The GitHub repository for the package is:

The package is currently being developed, and I'm seeking feedback from this active community.
There should be much room for improvement, and I would be grateful if you could try the plugin and provide bug reports or feature suggestions.

Also, I would like to ask the following specific question regarding the development.

Currently, to use Tax4Fun2 inference, the users must provide the path to the reference database bundled with the Tax4Fun2 library. However, the plugin development guide indicated this behavior should be avoided. I am thinking of installing the database and library by making the visualizers of the name install, which downloads and installs the databases in the predefined location. I would be grateful if you could let me know the better way for handling this situation.

4 Likes

Hi @nsato, Thanks for sharing q2-pathway - I look forward to trying it out once I get a grant proposal that I'm working on behind me!

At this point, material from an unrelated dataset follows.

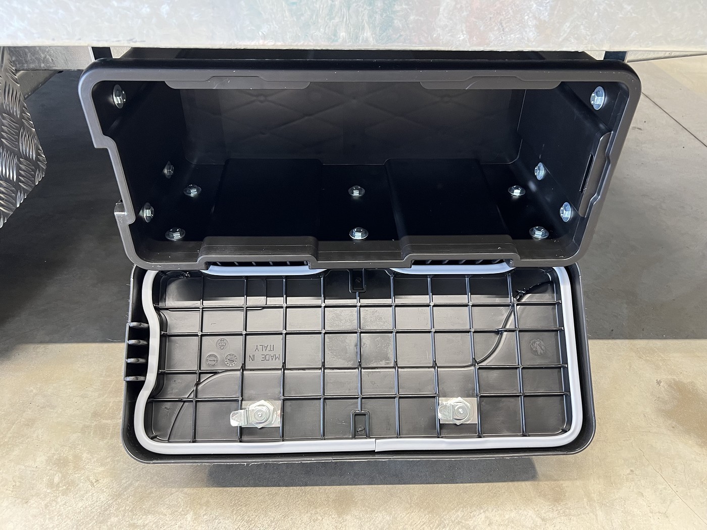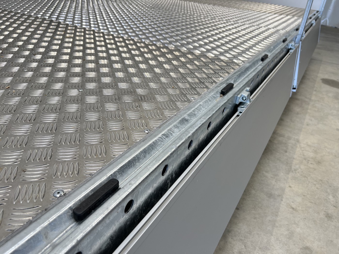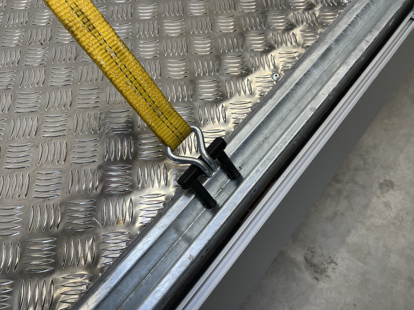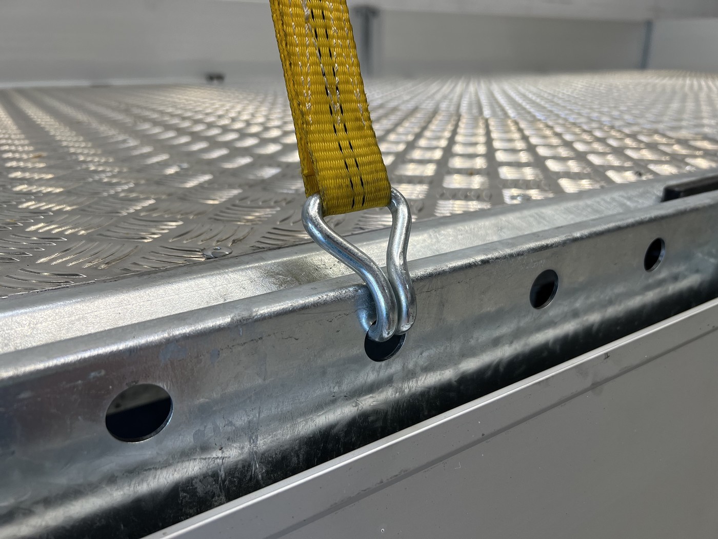 20 bodenbündige, stabile, gummiüberzogene und klapperfreie Verzurrpunkte (10 pro Seite) seitlich im V-Profil eingelassen

Ideally you will create a new Artifact Class for the database (I'm guessing you've seen the docs on this already, but see here if not). Once you've done this, you can obtain the path when viewing an Artifact of that class as a DirectoryFormat subtype.

Here's an example that works in an environment based on the q2-dwq2 example plugin from the book.

First, let's load an Artifact of type SingleDNASequence. (Here's that artifact: query.qza; 6.3 KB.)

In [1]: import qiime2
In [2]: a = qiime2.Artifact.load('./query.qza')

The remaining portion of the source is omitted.